To do: The exact lines of the listing, from its first through the line that contains "В северной части", are to make up the answer, and pictures are to be left out.

Records for the task:
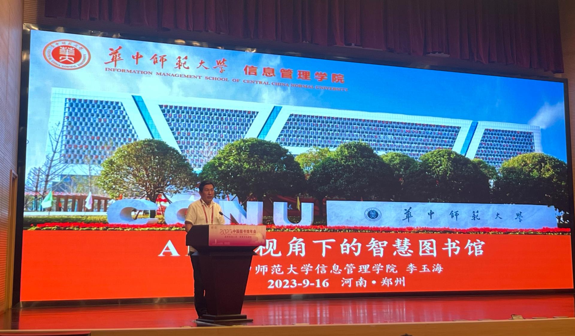 我院李玉海海院长出席本次大会,并在主题论坛6:数字学术服务与未来图书馆上作学术报告。李玉海以“AIGC视角下的智慧图书馆”为题,从现有图书馆业务演绎了AIGC功能,从AIGC视角探索未来智慧图书馆的理念、结构和功用,以及AIGC环境下图书馆员的角色及行为。
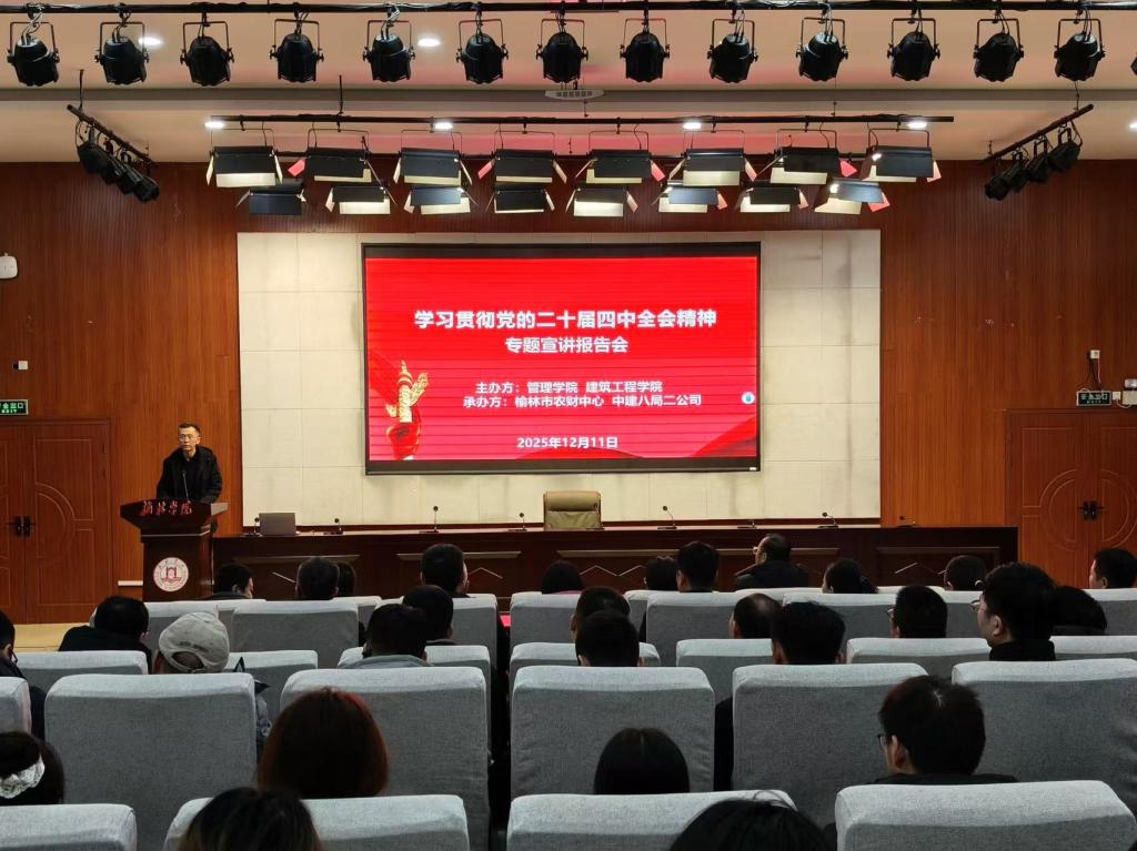 为深入学习贯彻党的二十届四中全会精神,推动理论学习与实践工作深度融合,12月11日,由万象城allwincity官方网站入口管理学院、建筑工程学院联合主办,榆林市农财中心、中建八局二公司共同承办的党员专题学习会顺利举行。万象城allwincity官方网站入口党委副书记、纪委书记、监察专员苗延宏,马克思主义学院艾霞老师担任主讲,来自主办单位、承办单位的全体党员及入党积极分子参加。
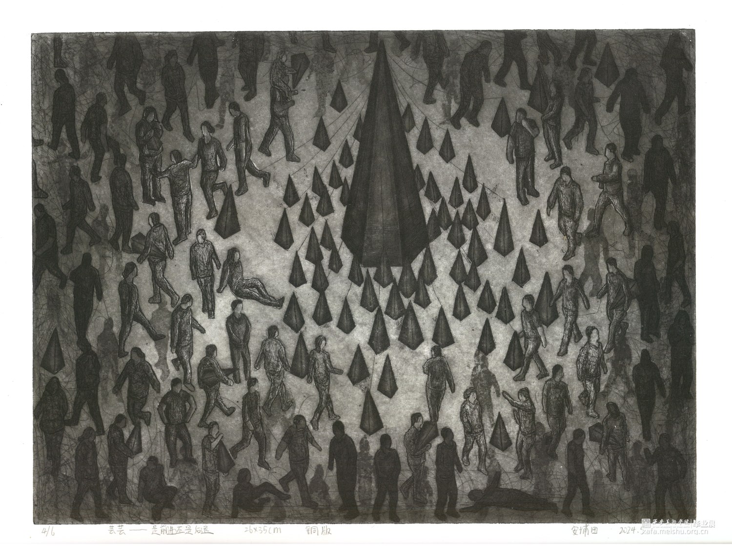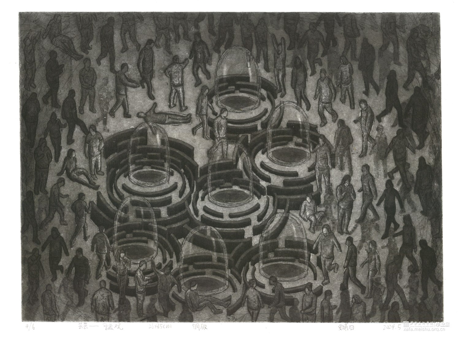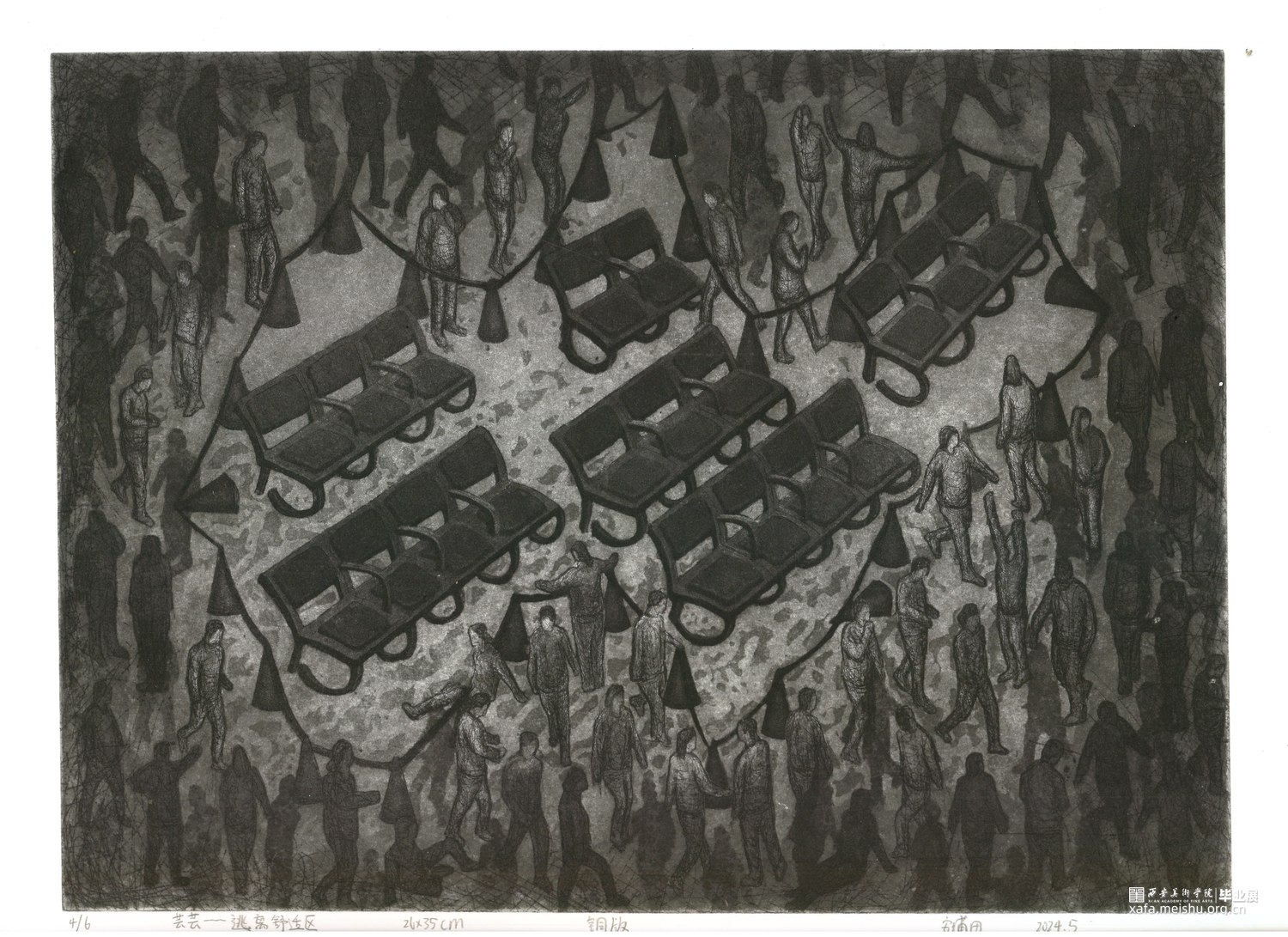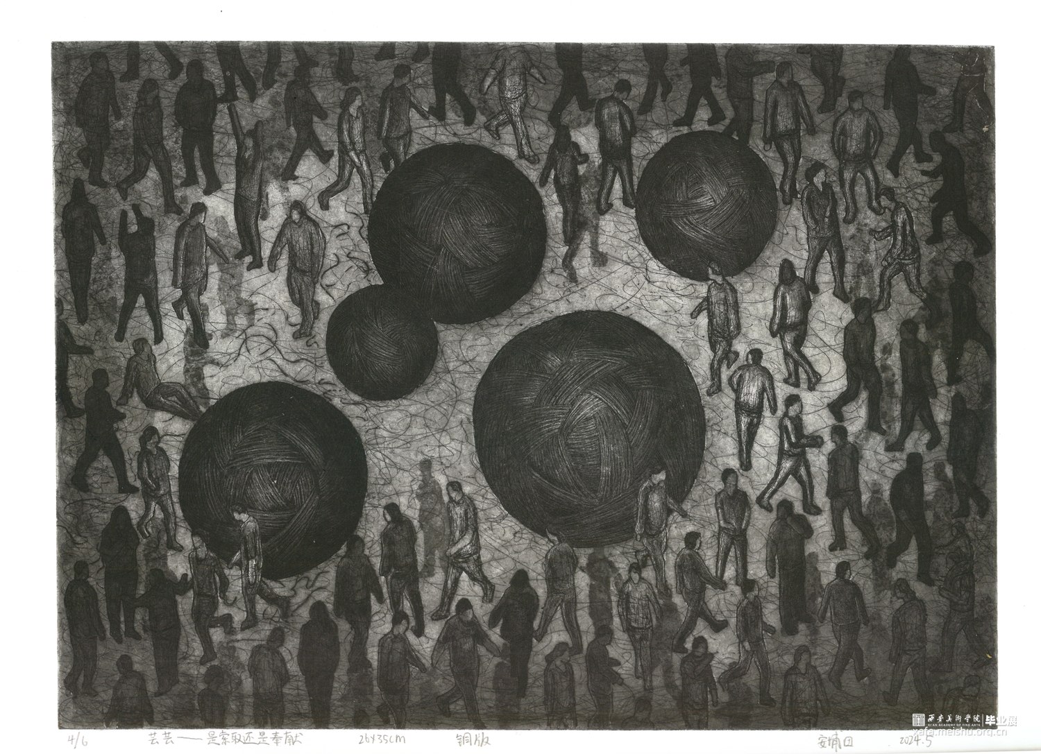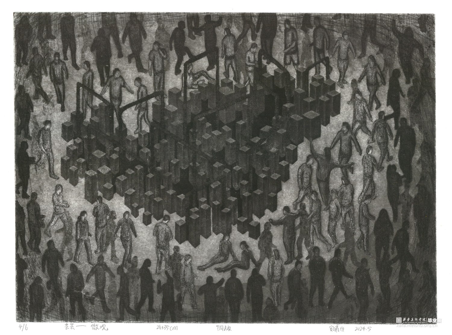 这一系列作品我命名为《芸芸系列》,选取了一些简单物像与抽象几何体来进行分解重构,让这些物体与人群之间产生联系,画面中主要以人群、一些日常物品与几何图形进行组合建立联系。在小尺幅作品中,通过人物与凳子、线团、几何体、棉花等等这些物品进行组合,以脱离事实的组合方式组织画面,用来表现内心莫名情绪的突然出现与消失,也试图探究人这一奇怪群体背后的真正逻辑,试图理解人的复杂性,多变性,以及人对周围的影响。
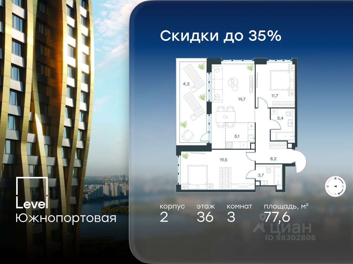 В северной части района Печатники продается 3-комнатная квартира площадью 77.60 кв.м без отделки. Квартира расположена на 36 этаже 47-этажного корпуса 2 в жилом комплексе комфорт-класса Level Южнопортовая (компания Level Group/Левел групп).
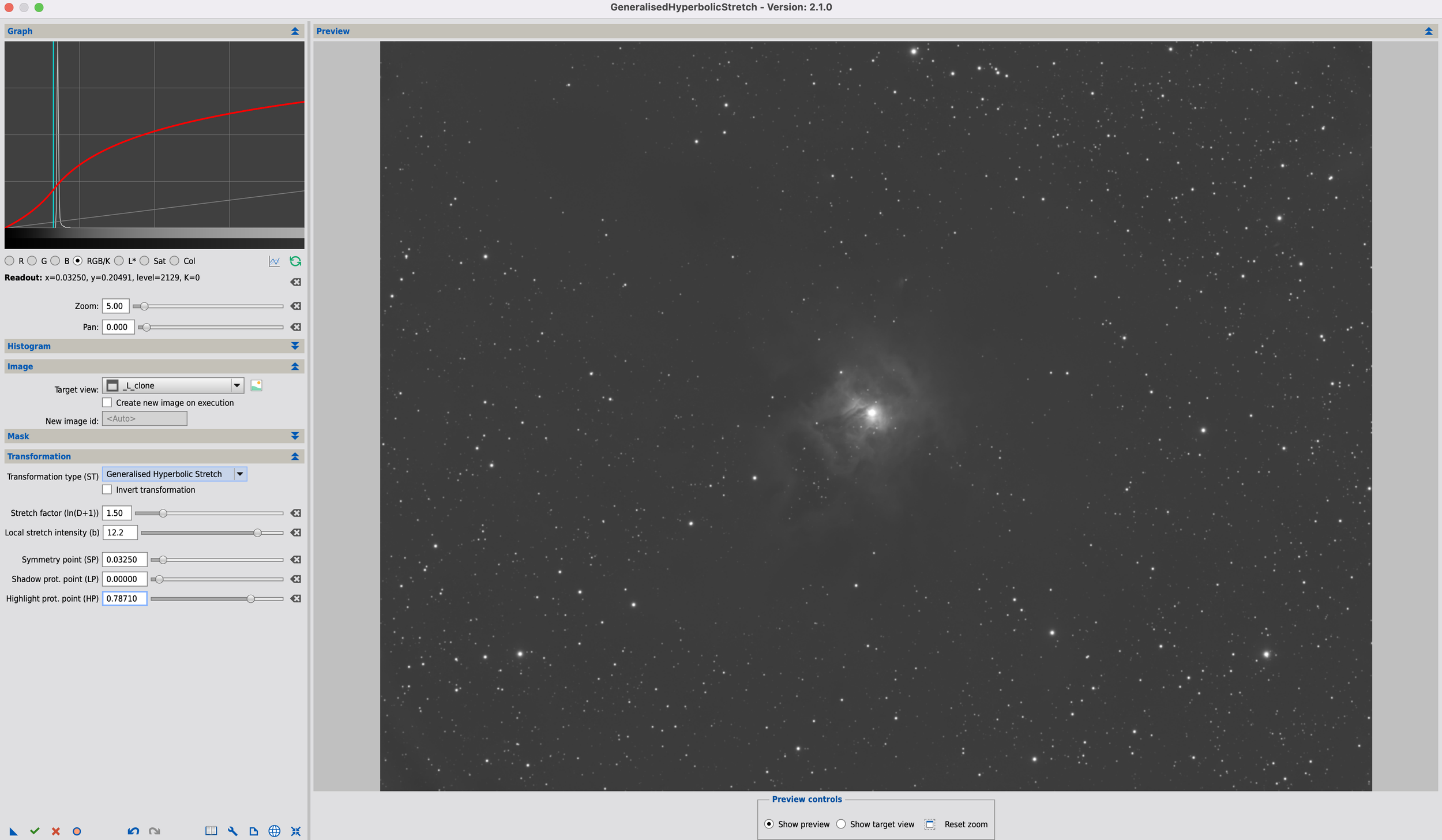 Stretching was done with a completely new method, a script called the Generalised Hyperbolic Stretch (GHS). In regular stretching tools such as HistogramTransformation, the midpoint is moved, always creating the same type of hyperbolic curve. In the GHS script, there is much more control over the shape of the hyperbolic (so not hyperbolic anymore) curve. A symmetry point can be set at the brightness value where most contrast is required. Highlights can be better protected by flattening the right part of the curve. Contrast in dark areas can be maintained by flattening the curve between black point and symmetry point. There is a colour stretch option that much better maintains the colours in the image. Besides the new GHS technique, also familiar stretching techniques such as HistogramTransformation and ArcsinhStretch are available in the tool, both benefiting from some of the enhanced control as explained above.
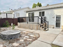 Welcome to this Charming 1,085 SqFt. Bungalow in the Community of Bergman. Situated on a Quiet Street this Home Would be Perfect for a Young Family or First Time Home Buyer. Featuring 5 Beds-3 on the Main & 2 Down(one bsmt bed needs a closet or wardrobe cabinet), 2.5 Baths, & an Oversized Detached Garage with 10-Foot Doors-Making it Ideal for a Workshop, Extra Storage, Boat/RV Parking. The Large Exterior Garage Parking Pad also Makes for Ample Additional Outdoor Parking/Storage. The property is Fully Landscaped & Fenced, with a Beautiful Patio to Sit & Relax or Entertain on. New Shingles 2025. The Main Living Area is Bright & Spacious. Easily Access your Outdoor Patio Conveniently from your Kitchen Dining Area. Enjoy Year-Round Comfort with Central A/C. Conveniently Located Near Schools, Parks, Shopping, Public Transportation, Wayne Gretzky Drive, Yellowhead Trail, Anthony Henday Drive & More, this Home is a Must See & is Ready to Welcome its Next Family! *Some Photos Have Been Virtually Staged.

Answer to this problem:
 我院李玉海海院长出席本次大会,并在主题论坛6:数字学术服务与未来图书馆上作学术报告。李玉海以“AIGC视角下的智慧图书馆”为题,从现有图书馆业务演绎了AIGC功能,从AIGC视角探索未来智慧图书馆的理念、结构和功用,以及AIGC环境下图书馆员的角色及行为。
 为深入学习贯彻党的二十届四中全会精神,推动理论学习与实践工作深度融合,12月11日,由万象城allwincity官方网站入口管理学院、建筑工程学院联合主办,榆林市农财中心、中建八局二公司共同承办的党员专题学习会顺利举行。万象城allwincity官方网站入口党委副书记、纪委书记、监察专员苗延宏,马克思主义学院艾霞老师担任主讲,来自主办单位、承办单位的全体党员及入党积极分子参加。
 这一系列作品我命名为《芸芸系列》,选取了一些简单物像与抽象几何体来进行分解重构,让这些物体与人群之间产生联系,画面中主要以人群、一些日常物品与几何图形进行组合建立联系。在小尺幅作品中,通过人物与凳子、线团、几何体、棉花等等这些物品进行组合,以脱离事实的组合方式组织画面,用来表现内心莫名情绪的突然出现与消失,也试图探究人这一奇怪群体背后的真正逻辑,试图理解人的复杂性,多变性,以及人对周围的影响。
 В северной части района Печатники продается 3-комнатная квартира площадью 77.60 кв.м без отделки. Квартира расположена на 36 этаже 47-этажного корпуса 2 в жилом комплексе комфорт-класса Level Южнопортовая (компания Level Group/Левел групп).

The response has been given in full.